Private Schools In The UK Push Back On Education Equality

Feb 14, 2020 by

The battle for equality in education is one that’s as old as time and will outlive all of us. Even if it’s true that the majority of people believe that all children have the right to the same level of education, and that ability should outstrip class and wealth when it comes to having access to the best teachers and facilities available, it will never be the case so long as those with the money to pay for their child to skip the queue continue to do so. Now it seems that some of the United Kingdom’s leading private schools are determined to push back against any attempts at modernization.

Of all the countries in the world, the UK is the one that has the longest history of class-based education. Any child who was educated at Harrow or Eton is likely to enjoy a better life than a child educated at any other school, even if that child’s academic achievements are poor. Similarly, a student who attends Oxford University or Cambridge University and obtains a second class degree in physics is likely to be offered better career opportunities than a student who got a first-class degree in physics from any other university, even though they were educationally outperformed. The shadow of elitism is long in the UK, and it isn’t going away any time soon.

Nobody is arguing that private schools or universities should be forced to accept poor students regardless of their achievements, or that they should do so blindly. The process of awarding school and education placements needs to have some kind of structure; else, it would become like a game of online slots, where the outcome is random. Some, however, would argue that it’s already like online slots now because there are winners and losers under the current system, and the actions taken by the winners are no different from the actions taken by the losers. If losing at online slots affected your employment prospects for the rest of your life, nobody would play them. This is precisely why a better system needs to be identified for allowing access to quality education. A student who has demonstrated the academic capacity should not and must not miss out on a place because a rich student is able to buy-in ahead of them.

The almost-absurd argument put across by the private schools that don’t want to accept more students from disadvantaged backgrounds is that doing so may amount to discriminating against wealthier students based on their class – a tone-deaf point that fails to acknowledge that the current state of play is the opposite of that position. An independent report commissioned barely over a year ago has identified that the inequality of education in the United Kingdom is higher than almost any other developed nation in the world. A comparatively-poor child born in Eastern Europe has a better chance of accessing high-quality education than a poor child born in the United Kingdom. Clearly, in a country that has the fifth largest economy in the world, the situation is unacceptable.

The current proposal regarding increased participation for poorer students comes from England’s Office for Students, which has the responsibility of regulating education and education services within the country. If the proposals are followed up, the number of disadvantaged students gaining access to the most prestigious schools in the country will increase by 6,500 every year for the next five years. The Headmasters and Headmistresses’ Conference – a committee that represents the interests of those schools – says that this amounts to ‘robbing some students of a future to award it to others.’

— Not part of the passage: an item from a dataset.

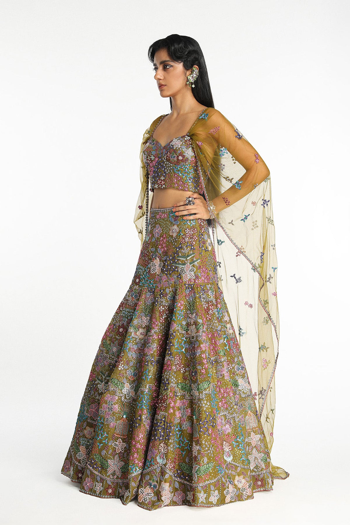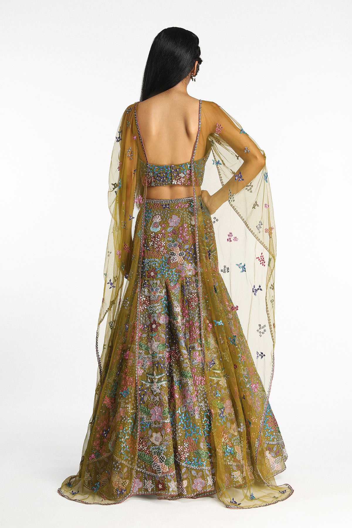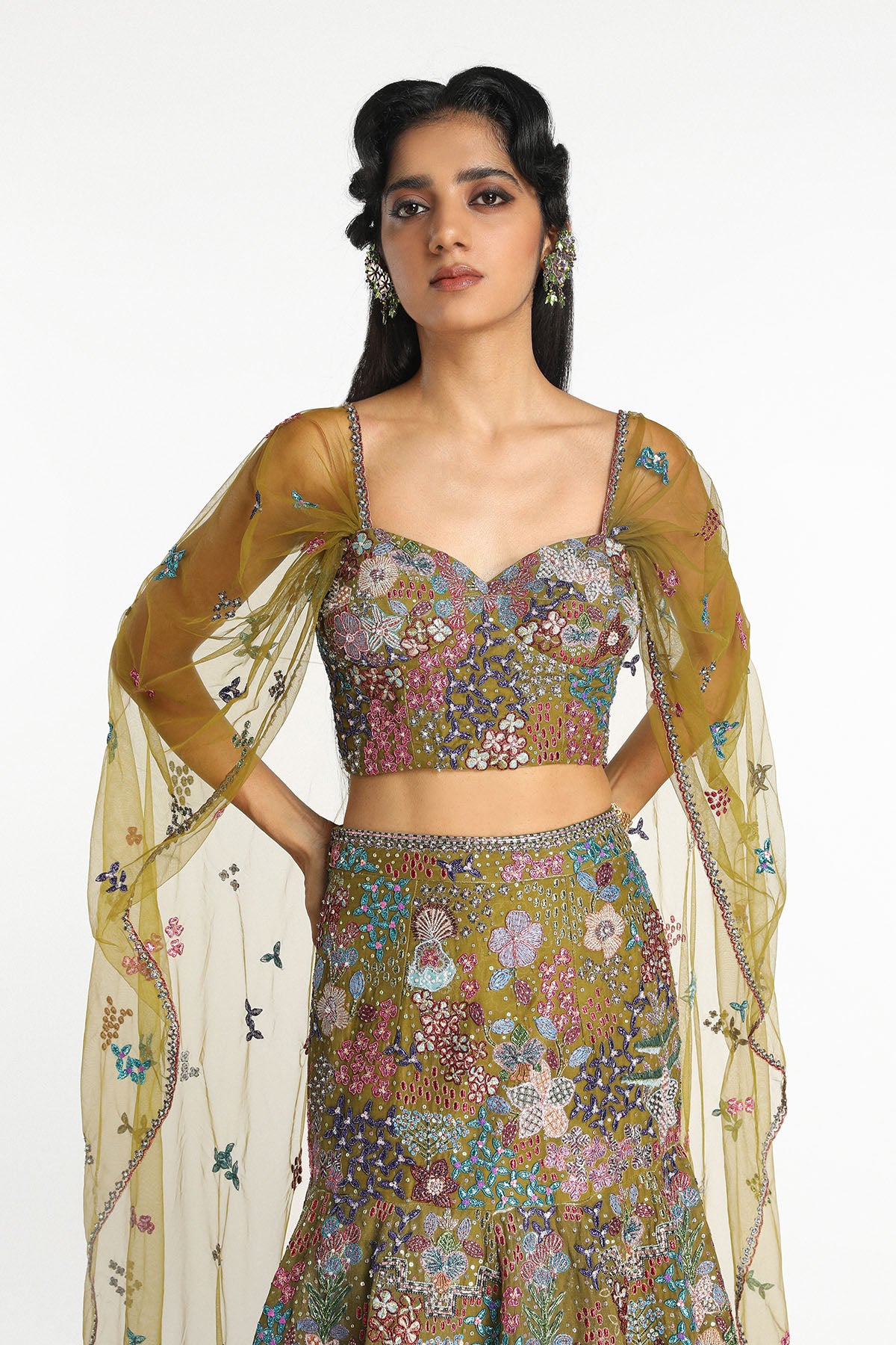 Matilda olive applique embellished organza lehenga and blouse with tulle sleeve cape.

The student admissions cap in the UK was lifted five years ago and has seen substantial growth in the number of admissions at almost every university in the country – with the notable exceptions of Cambridge and Oxford, whose numbers remain unchanged. The executives of both universities claim that they’ve chosen to focus more on diversifying the social and ethnic makeup of their student groups rather than take on more students, but thus far, the evidence they’ve presented to demonstrate that fact has been insubstantial. The most recent statistics available strongly suggest that nothing significant had changed – a student born in one of the wealthier parts of the country is more than five times more likely to be accepted into an elite educational institution than a student who was born in a poorer area, regardless of grades. This suggests that progress is not being made toward the government’s target, which is to reduce that ratio to one in four by 2025 and then no disparity at all by 2040.

Perhaps the most telling comment on the matter comes from Mike Buchanan, who is the executive director of the Headmasters and Headmistresses’ Conference. He has insisted that the right of elite schools and universities to use ‘contextual admissions’ policies – which amounts to scrutinizing the socio-economic background of a candidate – is perfectly reasonable, and should be acceptable when looking at the merits of candidates on an individual basis. So long as attitudes such as his prevail in places where decisions are made, and policies are decided, it’s hard to see how any progress can be made on the matter. Elite-level schools will continue to be be made up of mostly-white, mostly-wealthy students, and those from less fortunate backgrounds will continue to receive a second-class education. Because of that, they’re likely to spend their careers working in second-class jobs.

A wise person once said that when you’re accustomed to privilege, equality looks like oppression. That phrase may never be more appropriate than when used in reference to the way that education is structured, managed, and distributed in the United Kingdom. Students from poorer backgrounds – and those who represent them – don’t want to take places that should rightfully belong to those better off than them. They don’t want to be awarded places as hand-outs, either. They simply want to be allowed access to the best quality of education possible, based on their ability to benefit from receiving that education. That isn’t a threat to the prospects of bright children who come from wealthy backgrounds. It just means that those who do come from wealthy backgrounds ought to be at least as intelligent as the poorer students who they’re slamming the door in the face of.